– Переодевать будем? – спросил папа.
Мама представила, как будет искать в рюкзаке вещи.
– Это не грязь. Это земля. Она высохнет и осыплется, – сказала она, колеблясь.
Саша, вполне с ней согласный, убежал вперёд догонять Марьянушку. Охая и подпрыгивая, старушка летела вперёд по неширокой дороге с часто встречающимися на ней плоскими дроблёными камнями. Грузный кузнец едва за ней поспевал. Дорога, по которой они шагали, уходила в бесконечность через леса и холмы. Поднималась в горы, опускалась в долины, проходила насквозь колючие чащи. Изредка вдоль дороги попадались жёлтые знаки, запрещающие копать. Эта дорога и была знаменитой газовой трубой, шедшей через весь Крым от Черноморского к Севастополю и Ялте. Зарытая в земле, труба лишь изредка выныривала на поверхность возле населённых пунктов, где стояли маленькие распределительные станции.
– Напоминает «Волшебника Изумрудного города», – сказала Алёна. – Там тоже была дорога, шедшая через горы.
Лучи солнца косо били через деревья. Поднявшись из кустов, через просеку пролетел фазан. Летел он низко, тяжело. Казалось, можно схватить его руками. Петя погнался за фазаном, но вернулся ни с чем. Фазан сел на дерево, огляделся и с дерева как в воду нырнул в колючие заросли. Ещё через километр они спугнули зайца. Тот лениво прыгнул в одну сторону, в другую и не спеша скрылся. И тоже всем показалось, что поймать его просто, но почему-то никто не поймал.
Николай Гаврилов шагал и думал, что всё-таки человек много потерял, когда начал путешествовать по воздуху. Он утратил радость пути, радость усталости, радость преодоления пространства. Ещё каких-то двести лет назад путешествие из Петербурга в Москву или из Москвы на Кавказ было целым событием. О нём вспоминали всю жизнь. Сейчас же люди сели в самолёт, пролетели тысячи две километров, свалились в какой-то другой город – и совершенно не ощутили ни вкуса этого города, ни дороги.

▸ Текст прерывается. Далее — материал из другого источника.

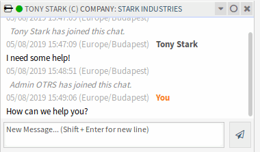 - If you want to contribute something to the chat you have been invited to, you can join it as a participant. Customer users, public users and agents will receive a message that you have entered the chat. As a participant, you can become an observer anytime by using the advanced action toolbar in your chat widget.
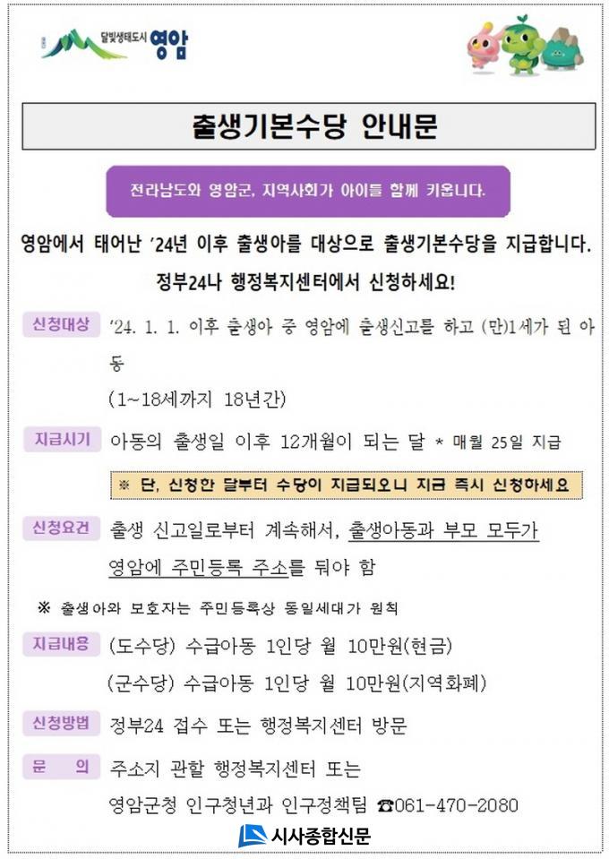 Àü¶ó³²µµ¿Í ¿µ¾Ï±ºÀÇ Ãâ»ý±âº»¼ö´çÀº ¼Òµæ ¼öÁذú °ü°è¾øÀÌ 2024³â ÀÌÈÄ Ãâ»ýÇØ Àü³²¿¡ Ãâ»ý½Å°í¸¦ ÇÏ°í ¿µ¾Ï±º¿¡ ÁÖ¼Ò¸¦ µÐ 1¼¼ ¾Æµ¿¿¡°Ô Áö±ÞµÈ´Ù. ´Ü, ¾ÆÀÌ¿Í º¸È£ÀÚ ¸ðµÎ Ãâ»ý½Å°íÀÏ ±âÁØ ¿µ¾Ï±º¿¡ Áֹεî·ÏÀ» µÎ°í °è¼Ó »ì°í ÀÖ¾î¾ß ÇÑ´Ù.
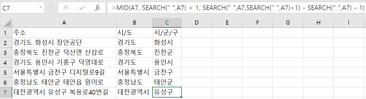 두번째 '시/군/구'를 추출하기 위해 사용한 수식은 좀 더 복잡합니다.

Лепот то забегал на траву, то перескакивал на грунтовую дорогу. Его блестящие туфли мало подходили для похода. На дороге они сбивались о частые камни. В траве же было много семян и колючек, вцеплявшихся в носки и коловших ноги. Бедный прозаик страдал. Он прыгал то на правой, то на левой ноге, потом снял носки и повесил их на ветку, но без носков стало ещё хуже. Колючки теперь проваливались прямо в туфлю.
Гаврилов обернулся. Носки Лепота, надёжно наколотые на сучок, точно размахивали им вслед маленькими ручками.
– Носки писателя Романа Лепота на ветке старого бука. Сюда будут водить экскурсии. Надо и мне что-нибудь своё повесить на ветку. Тогда, говоря о тебе, экскурсовод упомянет и обо мне, – сказал он.
Лепот кивнул, не уловив юмора. К посмертной славе он относился серьёзно. Он разулся и пошёл босиком, держа туфли в руках. Алёна прыгала рядом и рассказывала Лепоту про мальчика, который каждый день обливает её из пульверизатора для опрыскивания цветов.
– Это потому что он меня любит? – уточняла она.
– Безусловно! – соглашался Лепот.
Алёна удовлетворённо кивала, но тотчас начинала мучиться ревностью:
– А если он и других девочек обливает?
– Это очень любвеобильный мальчик. Для настоящих мужчин это нормально, – объяснил Лепот.
– Да-а? А все у нас почему-то говорят, что он идиот, – вздохнула Алёна.
– Кто говорит? – заинтересовалась Катя.
– Ну все, кого он не обливает. Лена, например.
Катя попыталась вспомнить:
– Лена? Это которая на юзерпике с дельфином целуется?
– Ну и что? Дельфин из дельфинария. Вика вот с лошадью целовалась! – возмутилась Алёна.
– А лошадь ни в кого не превратилась? – влез Костя. Из книг он почерпнул, что если целуешься с каким-нибудь животным, оно потом оказывается заколдованным принцем.
– Нет.
– И сама Вика в лошадь не превратилась?
Лепот оживился и достал блокнотик. Он всегда оживлялся, когда речь заходила о поцелуях.
Путь до Верхоречья занял больше полутора часов. Они то поднимались в гору, то спускались. Костя, Рита и Саша раза три заявляли, что смертельно устали, и падали на дорогу, но тотчас вскакивали, заметив, например, крупные шишки, которыми можно было швыряться. Бросались шишками, наматывая на месте круги, а потом опять падали без сил.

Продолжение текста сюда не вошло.